Work to be completed: Working from the line that contains "Umidificator VarioShop® cu" down to the last line below, repeat each line exactly.

Collected data entries:
- - -
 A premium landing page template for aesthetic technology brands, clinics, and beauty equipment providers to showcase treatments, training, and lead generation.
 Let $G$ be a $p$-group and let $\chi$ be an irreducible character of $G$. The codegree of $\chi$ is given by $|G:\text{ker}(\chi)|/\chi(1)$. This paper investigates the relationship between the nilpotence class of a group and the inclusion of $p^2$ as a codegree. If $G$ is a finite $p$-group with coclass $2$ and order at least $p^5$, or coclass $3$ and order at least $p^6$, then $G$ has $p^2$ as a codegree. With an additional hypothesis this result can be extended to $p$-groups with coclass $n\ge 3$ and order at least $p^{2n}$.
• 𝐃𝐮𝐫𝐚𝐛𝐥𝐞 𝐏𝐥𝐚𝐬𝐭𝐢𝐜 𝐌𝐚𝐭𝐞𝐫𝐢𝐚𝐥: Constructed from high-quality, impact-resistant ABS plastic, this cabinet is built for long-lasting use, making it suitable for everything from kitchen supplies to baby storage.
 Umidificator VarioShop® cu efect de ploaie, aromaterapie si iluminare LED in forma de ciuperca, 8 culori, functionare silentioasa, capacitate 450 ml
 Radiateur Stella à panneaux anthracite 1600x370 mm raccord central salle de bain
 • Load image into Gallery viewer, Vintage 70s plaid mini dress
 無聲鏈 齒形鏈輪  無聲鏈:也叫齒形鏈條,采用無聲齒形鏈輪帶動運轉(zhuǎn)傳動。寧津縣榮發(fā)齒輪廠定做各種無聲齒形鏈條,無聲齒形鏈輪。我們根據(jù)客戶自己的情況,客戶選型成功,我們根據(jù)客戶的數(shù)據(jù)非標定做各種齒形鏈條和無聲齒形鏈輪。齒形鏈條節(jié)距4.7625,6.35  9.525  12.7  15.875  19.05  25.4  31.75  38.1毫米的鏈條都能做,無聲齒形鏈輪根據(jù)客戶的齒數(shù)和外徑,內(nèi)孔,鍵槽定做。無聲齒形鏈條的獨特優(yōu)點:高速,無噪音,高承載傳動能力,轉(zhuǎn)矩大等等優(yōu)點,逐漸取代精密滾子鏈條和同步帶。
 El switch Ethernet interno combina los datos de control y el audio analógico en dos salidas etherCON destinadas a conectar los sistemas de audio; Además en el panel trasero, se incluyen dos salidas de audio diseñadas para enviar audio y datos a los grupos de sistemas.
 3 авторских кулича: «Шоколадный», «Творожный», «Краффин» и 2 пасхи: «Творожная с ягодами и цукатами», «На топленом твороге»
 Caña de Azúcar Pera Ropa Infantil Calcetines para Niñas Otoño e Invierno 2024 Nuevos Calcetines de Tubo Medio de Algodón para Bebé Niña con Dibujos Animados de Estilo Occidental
- - -
Result of the exercise:
 Umidificator VarioShop® cu efect de ploaie, aromaterapie si iluminare LED in forma de ciuperca, 8 culori, functionare silentioasa, capacitate 450 ml
 Radiateur Stella à panneaux anthracite 1600x370 mm raccord central salle de bain
 • Load image into Gallery viewer, Vintage 70s plaid mini dress
 無聲鏈 齒形鏈輪  無聲鏈:也叫齒形鏈條,采用無聲齒形鏈輪帶動運轉(zhuǎn)傳動。寧津縣榮發(fā)齒輪廠定做各種無聲齒形鏈條,無聲齒形鏈輪。我們根據(jù)客戶自己的情況,客戶選型成功,我們根據(jù)客戶的數(shù)據(jù)非標定做各種齒形鏈條和無聲齒形鏈輪。齒形鏈條節(jié)距4.7625,6.35  9.525  12.7  15.875  19.05  25.4  31.75  38.1毫米的鏈條都能做,無聲齒形鏈輪根據(jù)客戶的齒數(shù)和外徑,內(nèi)孔,鍵槽定做。無聲齒形鏈條的獨特優(yōu)點:高速,無噪音,高承載傳動能力,轉(zhuǎn)矩大等等優(yōu)點,逐漸取代精密滾子鏈條和同步帶。
 El switch Ethernet interno combina los datos de control y el audio analógico en dos salidas etherCON destinadas a conectar los sistemas de audio; Además en el panel trasero, se incluyen dos salidas de audio diseñadas para enviar audio y datos a los grupos de sistemas.
 3 авторских кулича: «Шоколадный», «Творожный», «Краффин» и 2 пасхи: «Творожная с ягодами и цукатами», «На топленом твороге»
 Caña de Azúcar Pera Ropa Infantil Calcetines para Niñas Otoño e Invierno 2024 Nuevos Calcetines de Tubo Medio de Algodón para Bebé Niña con Dibujos Animados de Estilo Occidental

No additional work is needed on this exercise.